Bitcoin is sitting at a very interesting macro crossroads.
Under the surface, the market actually looks stronger than most people think.
MVRV Z-Score is around ~1.2, historically a zone where long-term accumulation often happens.
Exchange supply has dropped to roughly 2.5M BTC, while ETF flows added about $1.1B last week, institutions are still quietly buying.
But market sentiment tells the opposite story.
Fear & Greed sits at 12/100, funding rates are slightly negative, while Open Interest remains high.
In other words: the market is scared, but positioning is crowded on the short side.
At the same time, a major macro variable is emerging.
The U.S. is tightening pressure on Iran’s oil exports, about 1.8M barrels/day, through a naval blockade.
If global energy supply tightens, the chain reaction is straightforward:
Oil ↑ → Inflation ↑ → Rates stay higher → Liquidity ↓
And Bitcoin is one of the most liquidity sensitive assets in the market.
Interestingly, $BTC has almost no longterm correlation with oil.
Oil doesn’t directly push Bitcoin up or down.
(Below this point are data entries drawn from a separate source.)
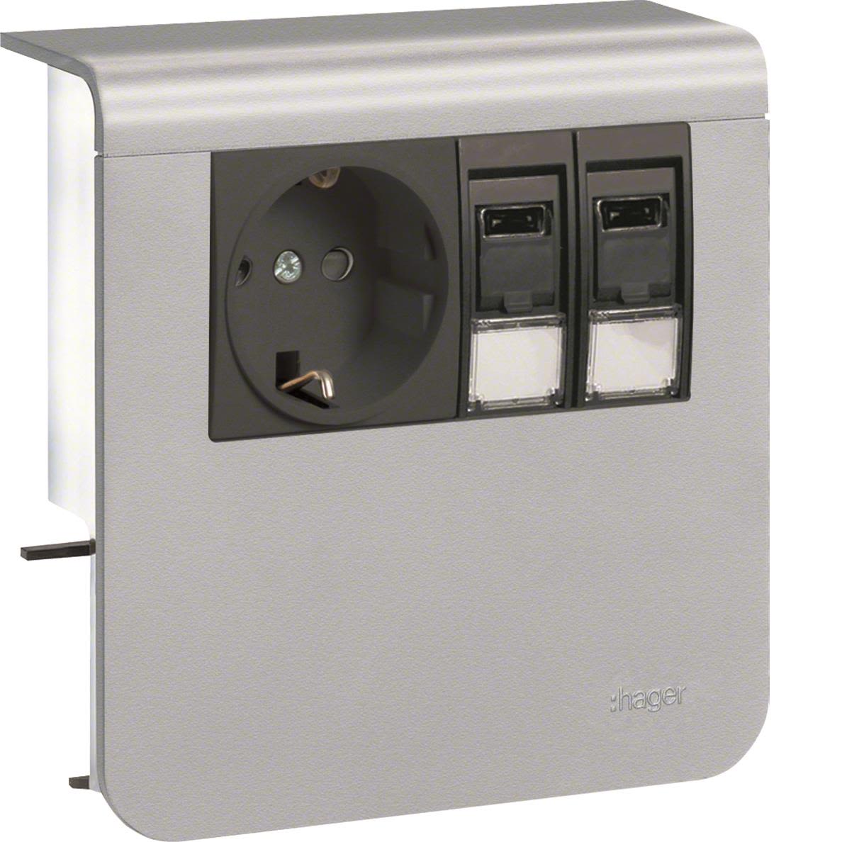 Hager SL20080920D1 Uttak 1-veis + 2 x RJ45, 80 mm Aluminium
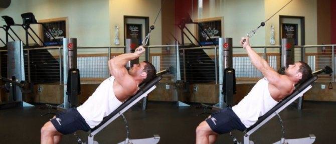- придайте скамье угол наклона примерно 45° и разместите её перед верхним блоком кроссовера;
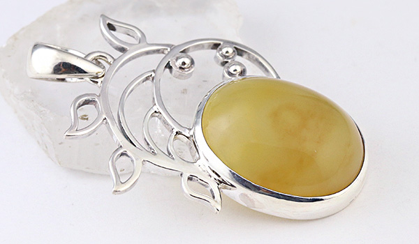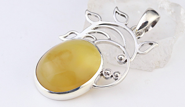 イエローオパールを引き立てる台座は、太陽のようでもあり、ヒマワリのようにも見えるシルバーの装飾。
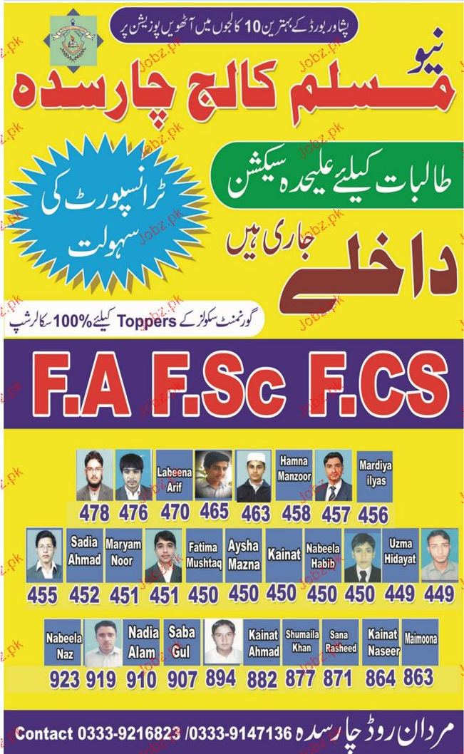 New Muslim College Admission in FA, Fsc and Fcs in Charsadda. Read newspaper ad for exact details.
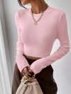 DAZY Camiseta de punto acanalado con botón de cuarto, ropa de otoño de manga larga para mujer

But energy shocks tend to do something else:
They amplify volatility.
In past macro shocks, Bitcoin often moves through three phases:
1. Initial panic
2. Market repricing risk
3. BTC recovering faster than traditional assets
The difference now is structural.
In the last cycle, Bitcoin was mostly a speculative asset.
In this cycle, it’s increasingly becoming a macro asset, reacting to liquidity, inflation, geopolitics, and monetary policy.
So the real question right now isn’t:
“Will Bitcoin go up or down?”
Will this energy shock force the global system to tighten longer…
or eventually push central banks back toward liquidity?
If liquidity returns to the system,
Bitcoin is usually the first asset to react.
Short term: watch $70k–$75k.
Long term: the broader structure still favors accumulation.